▶ _Exercise instructions_: Extract, exactly as written, the line that contains "At the fabric" and all lines after it through the end of the records. Omit pictures.

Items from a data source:
━━━

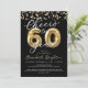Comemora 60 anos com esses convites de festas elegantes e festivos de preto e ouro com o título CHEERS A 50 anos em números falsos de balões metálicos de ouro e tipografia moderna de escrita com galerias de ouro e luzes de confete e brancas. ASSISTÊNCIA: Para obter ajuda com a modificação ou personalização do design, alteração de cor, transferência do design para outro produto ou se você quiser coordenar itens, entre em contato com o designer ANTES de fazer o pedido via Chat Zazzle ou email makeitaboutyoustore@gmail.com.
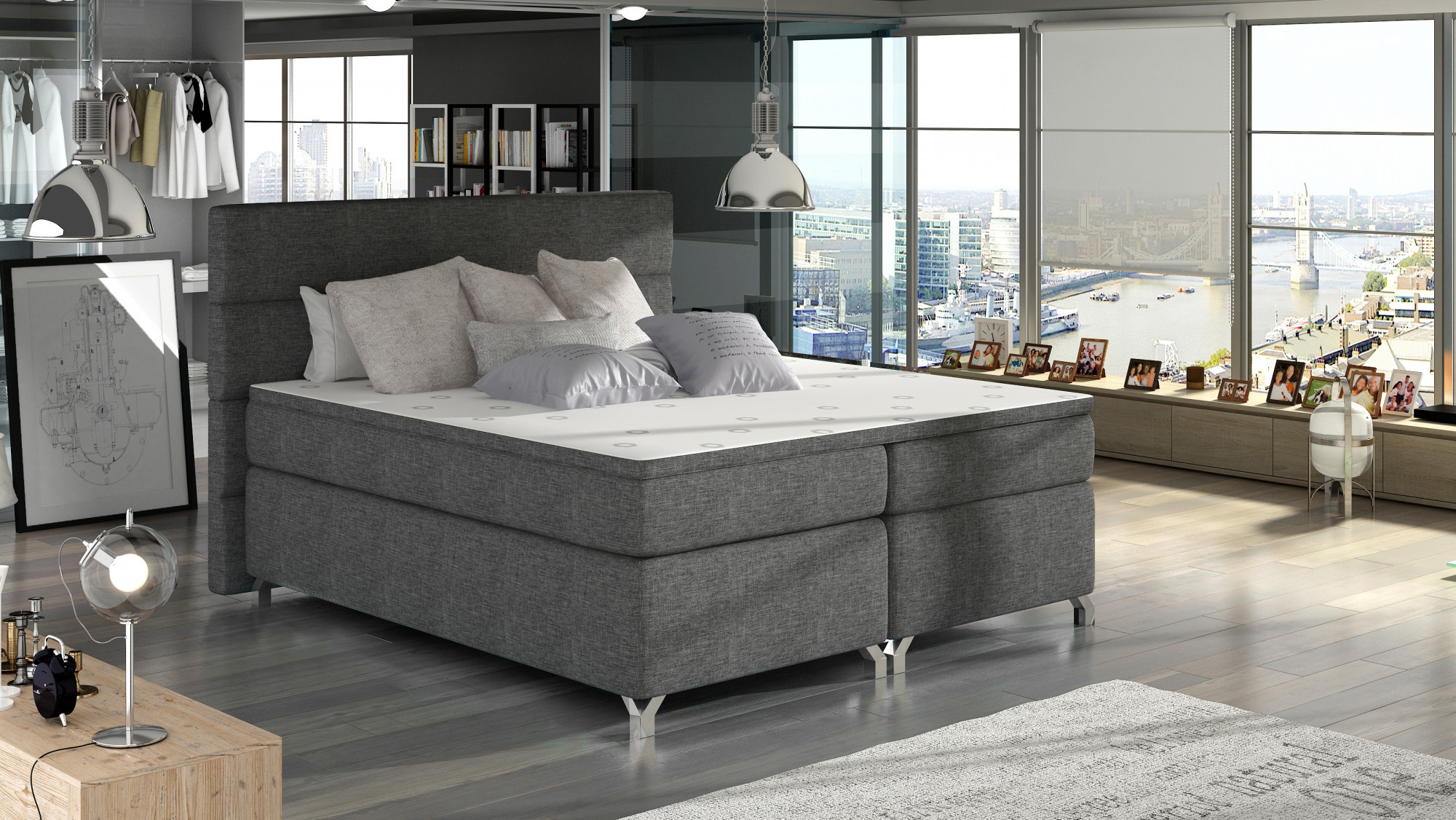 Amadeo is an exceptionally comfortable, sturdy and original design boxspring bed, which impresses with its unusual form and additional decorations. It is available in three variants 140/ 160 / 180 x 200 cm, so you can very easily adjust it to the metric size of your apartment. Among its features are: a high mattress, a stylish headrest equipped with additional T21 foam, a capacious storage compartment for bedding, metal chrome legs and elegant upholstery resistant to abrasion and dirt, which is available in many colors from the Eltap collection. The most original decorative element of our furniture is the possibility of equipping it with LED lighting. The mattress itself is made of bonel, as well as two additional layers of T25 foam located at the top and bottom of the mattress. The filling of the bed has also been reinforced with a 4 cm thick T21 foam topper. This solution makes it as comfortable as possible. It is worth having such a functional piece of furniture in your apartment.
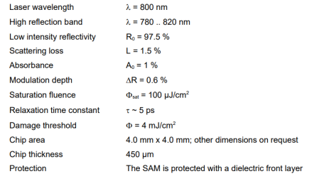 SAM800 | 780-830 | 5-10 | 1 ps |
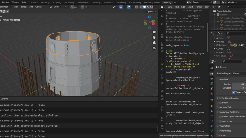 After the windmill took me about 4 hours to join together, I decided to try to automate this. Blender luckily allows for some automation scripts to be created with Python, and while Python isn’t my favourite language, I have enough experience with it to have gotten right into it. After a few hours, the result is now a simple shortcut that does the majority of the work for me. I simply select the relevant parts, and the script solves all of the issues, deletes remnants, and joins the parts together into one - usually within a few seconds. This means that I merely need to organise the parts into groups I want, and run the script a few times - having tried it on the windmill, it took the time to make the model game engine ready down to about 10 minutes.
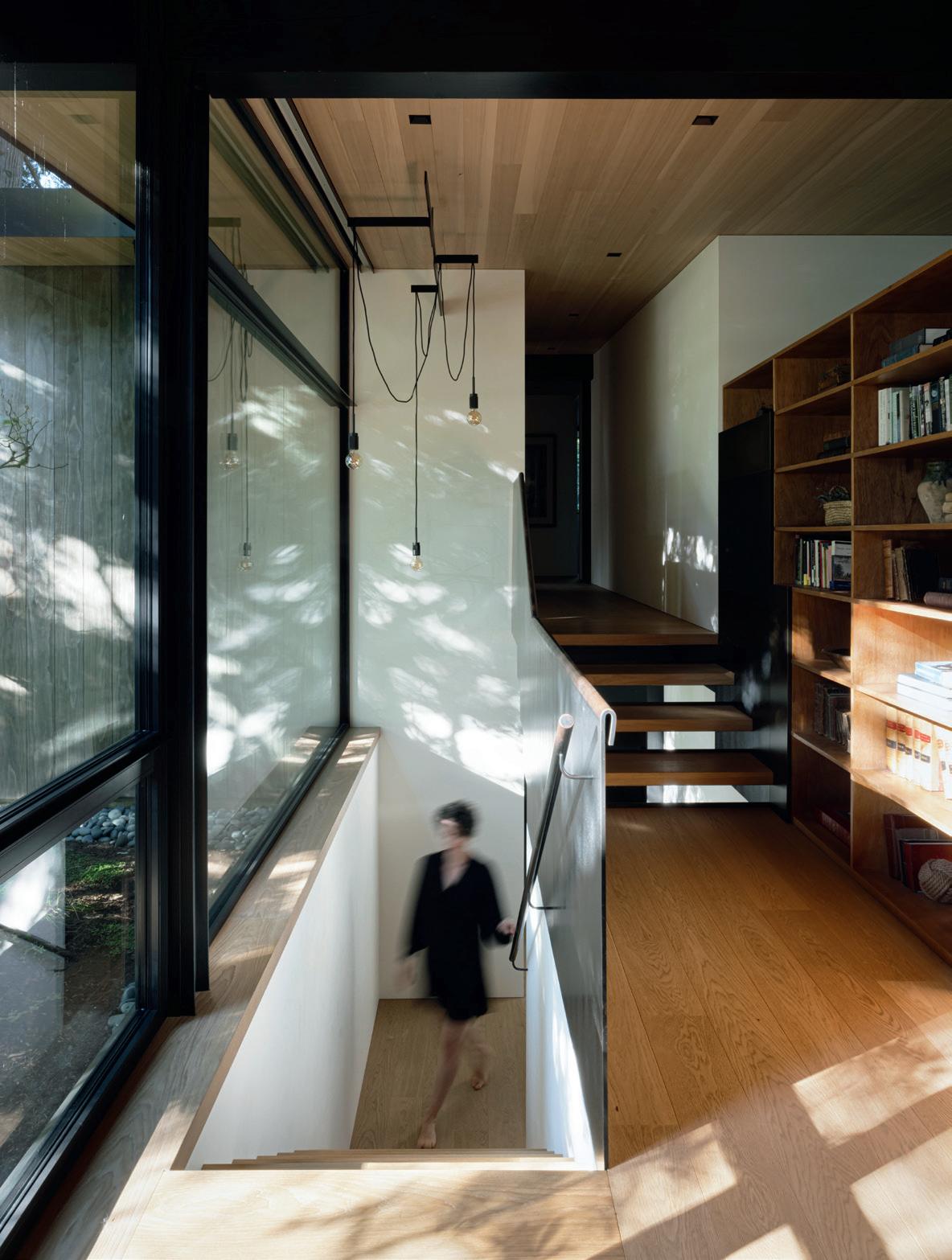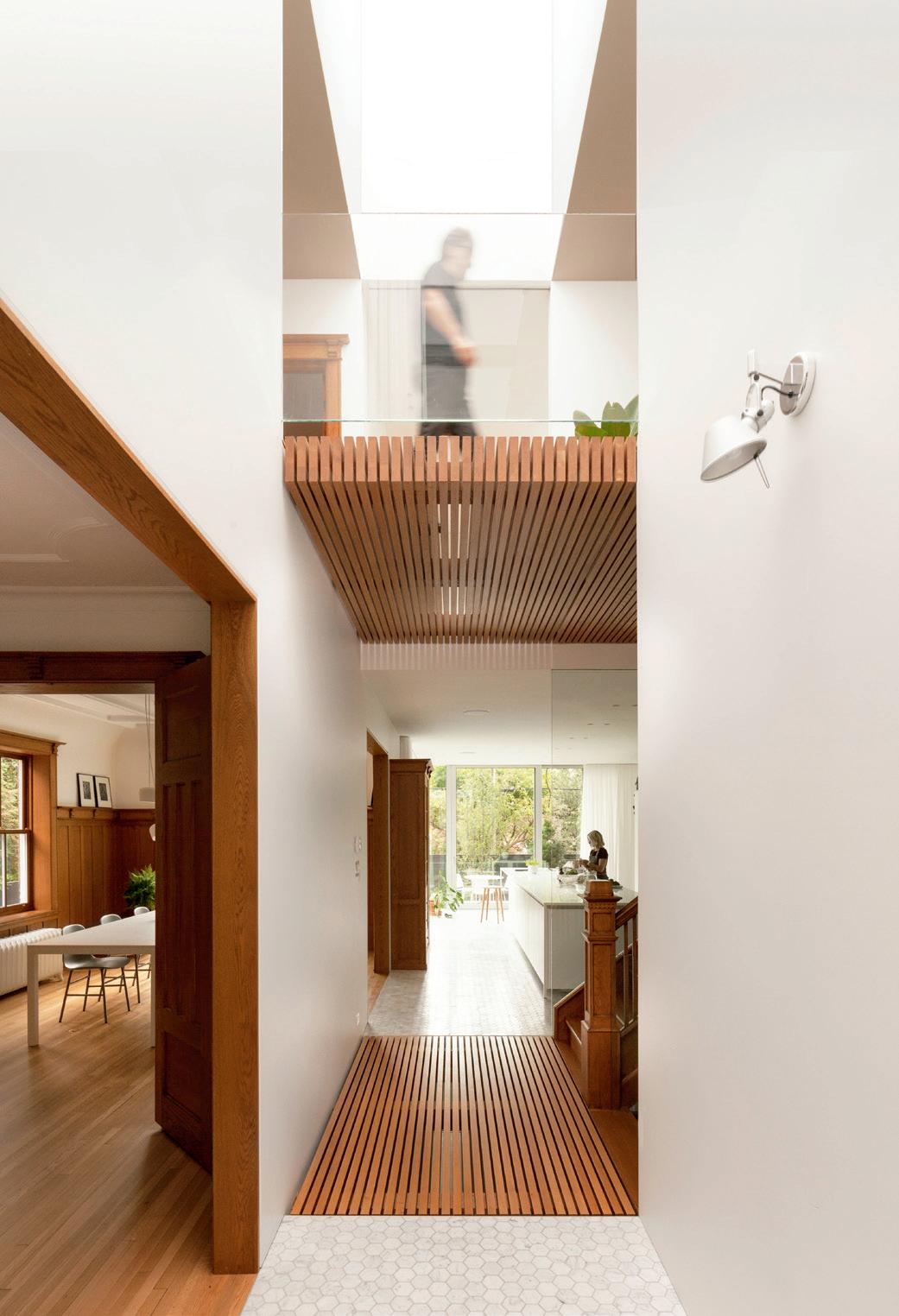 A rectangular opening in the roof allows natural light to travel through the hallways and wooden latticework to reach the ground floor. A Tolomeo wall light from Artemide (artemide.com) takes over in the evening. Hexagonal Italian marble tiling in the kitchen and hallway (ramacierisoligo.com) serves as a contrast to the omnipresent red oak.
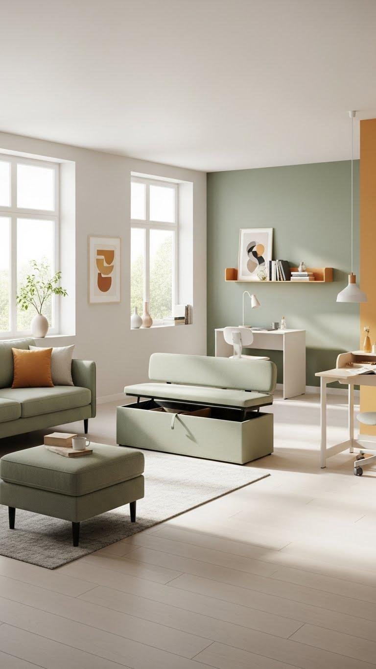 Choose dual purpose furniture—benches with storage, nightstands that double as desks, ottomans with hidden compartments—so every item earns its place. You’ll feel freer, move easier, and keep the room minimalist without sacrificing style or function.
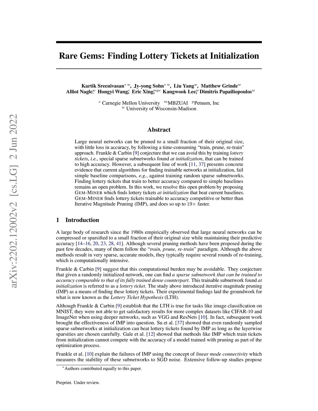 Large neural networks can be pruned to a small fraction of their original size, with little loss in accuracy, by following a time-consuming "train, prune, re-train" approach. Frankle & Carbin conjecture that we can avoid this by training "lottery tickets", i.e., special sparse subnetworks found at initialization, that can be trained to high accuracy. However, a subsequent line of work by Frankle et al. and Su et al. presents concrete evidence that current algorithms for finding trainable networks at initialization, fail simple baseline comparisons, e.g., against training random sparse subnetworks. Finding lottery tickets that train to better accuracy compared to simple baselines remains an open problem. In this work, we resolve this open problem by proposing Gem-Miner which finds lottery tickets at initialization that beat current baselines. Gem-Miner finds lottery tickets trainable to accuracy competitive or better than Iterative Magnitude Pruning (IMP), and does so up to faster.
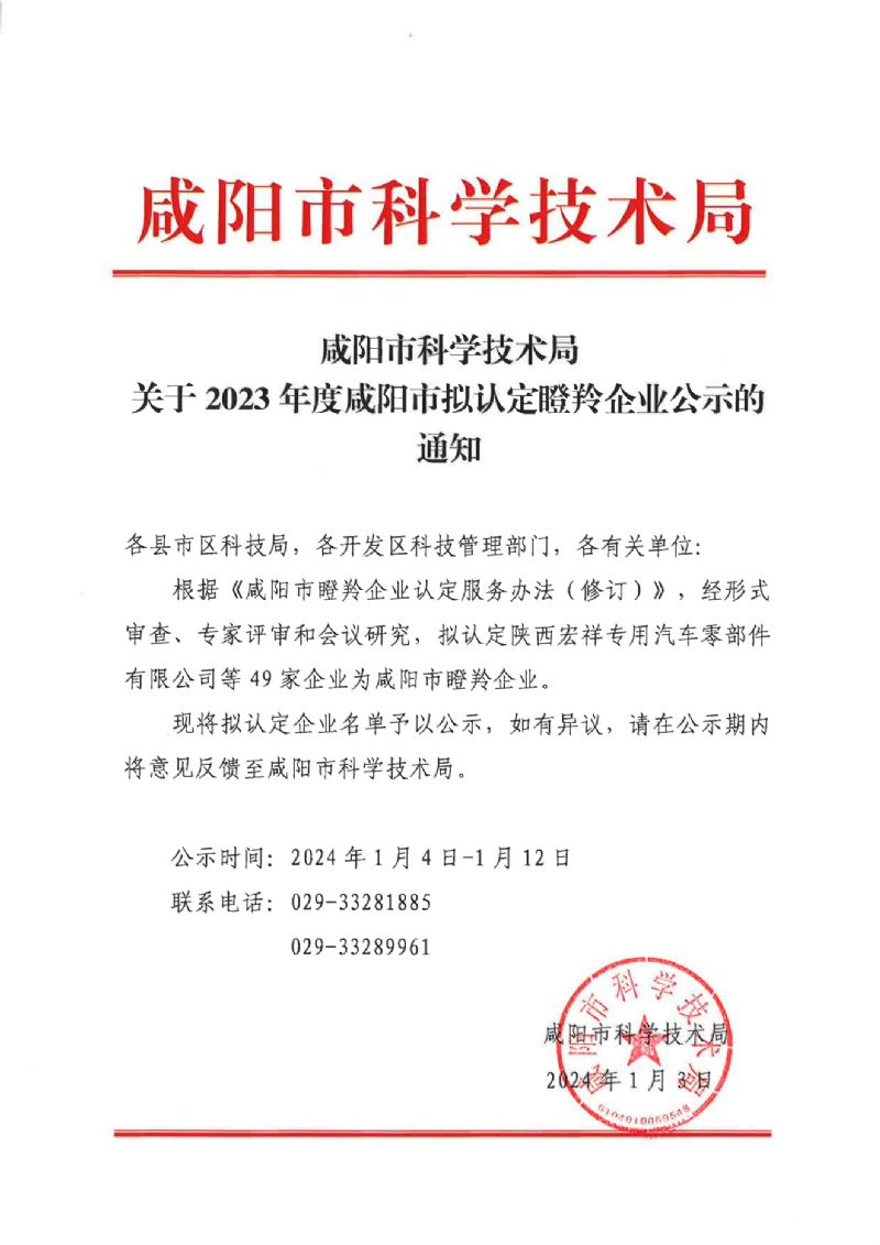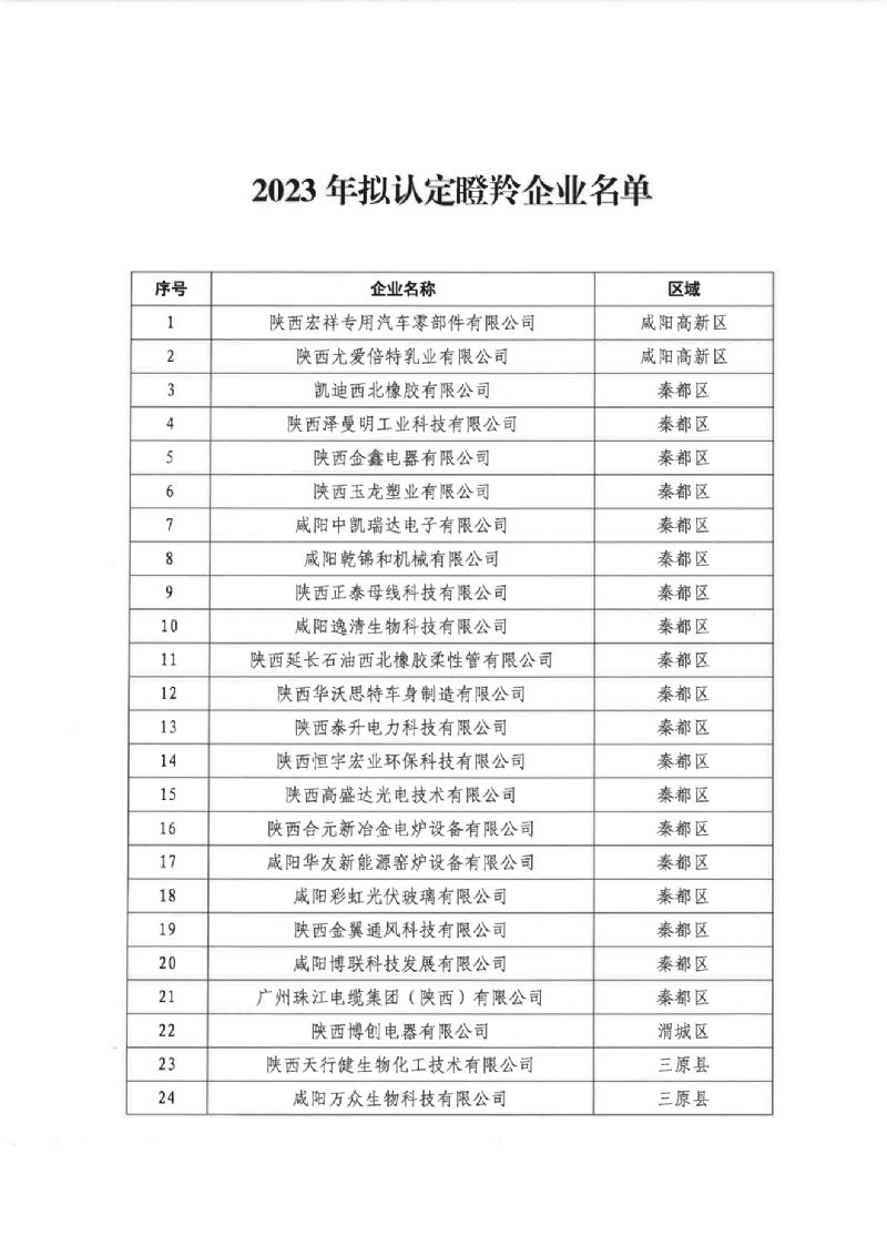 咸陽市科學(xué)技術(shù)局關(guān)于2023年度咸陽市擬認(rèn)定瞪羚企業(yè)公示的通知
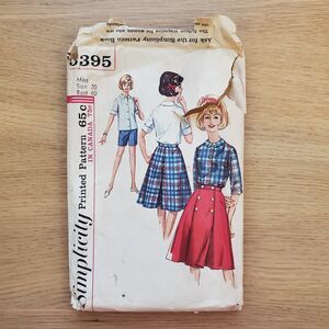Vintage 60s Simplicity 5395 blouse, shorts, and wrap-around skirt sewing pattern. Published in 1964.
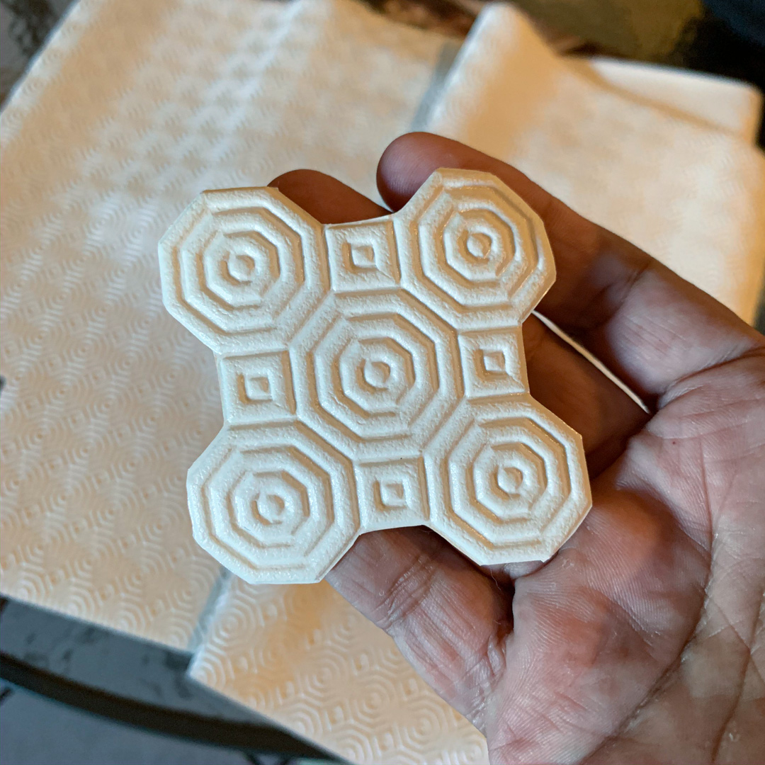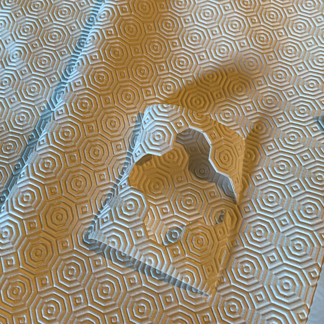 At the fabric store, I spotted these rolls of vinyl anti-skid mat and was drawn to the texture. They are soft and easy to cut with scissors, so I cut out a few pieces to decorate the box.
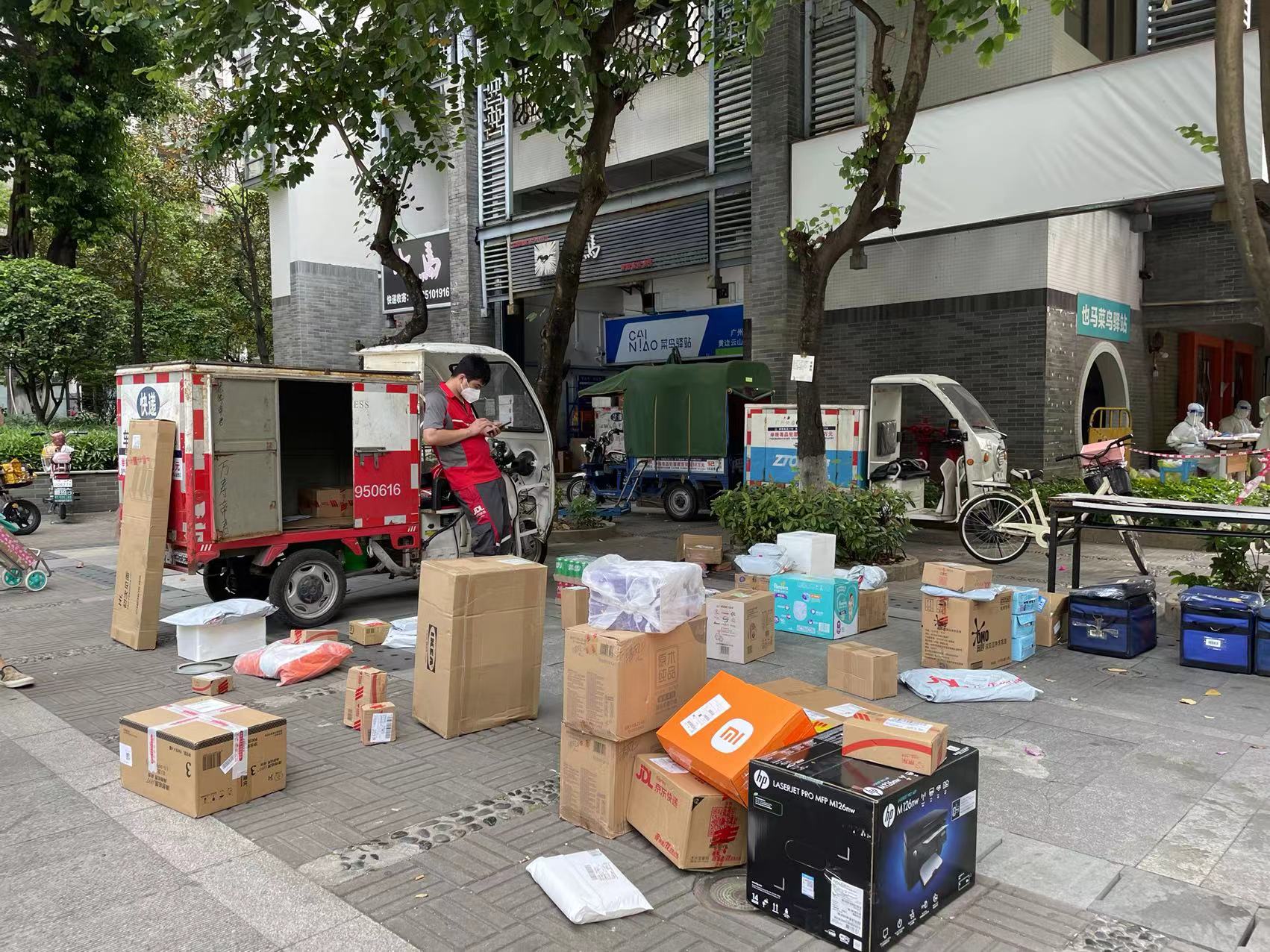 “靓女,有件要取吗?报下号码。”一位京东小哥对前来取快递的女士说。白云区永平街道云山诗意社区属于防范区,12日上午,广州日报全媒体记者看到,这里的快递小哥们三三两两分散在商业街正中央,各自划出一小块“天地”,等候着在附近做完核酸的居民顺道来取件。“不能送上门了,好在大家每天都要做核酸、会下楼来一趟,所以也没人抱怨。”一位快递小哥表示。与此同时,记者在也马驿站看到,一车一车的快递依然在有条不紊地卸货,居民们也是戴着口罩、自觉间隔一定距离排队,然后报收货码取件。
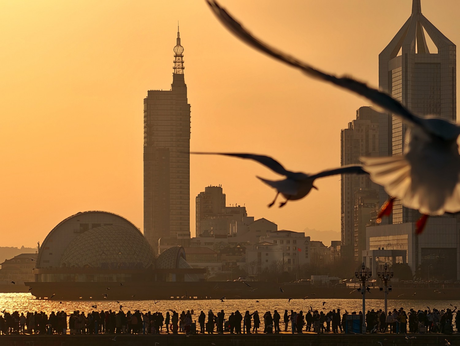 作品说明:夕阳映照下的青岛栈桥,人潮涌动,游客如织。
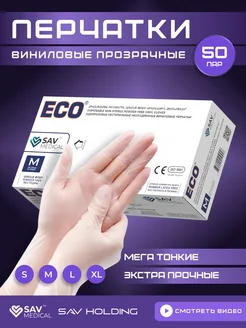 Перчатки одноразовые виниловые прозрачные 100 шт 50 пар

━━━

▶ _Task response_:
 At the fabric store, I spotted these rolls of vinyl anti-skid mat and was drawn to the texture. They are soft and easy to cut with scissors, so I cut out a few pieces to decorate the box.
 “靓女,有件要取吗?报下号码。”一位京东小哥对前来取快递的女士说。白云区永平街道云山诗意社区属于防范区,12日上午,广州日报全媒体记者看到,这里的快递小哥们三三两两分散在商业街正中央,各自划出一小块“天地”,等候着在附近做完核酸的居民顺道来取件。“不能送上门了,好在大家每天都要做核酸、会下楼来一趟,所以也没人抱怨。”一位快递小哥表示。与此同时,记者在也马驿站看到,一车一车的快递依然在有条不紊地卸货,居民们也是戴着口罩、自觉间隔一定距离排队,然后报收货码取件。
 作品说明:夕阳映照下的青岛栈桥,人潮涌动,游客如织。
 Перчатки одноразовые виниловые прозрачные 100 шт 50 пар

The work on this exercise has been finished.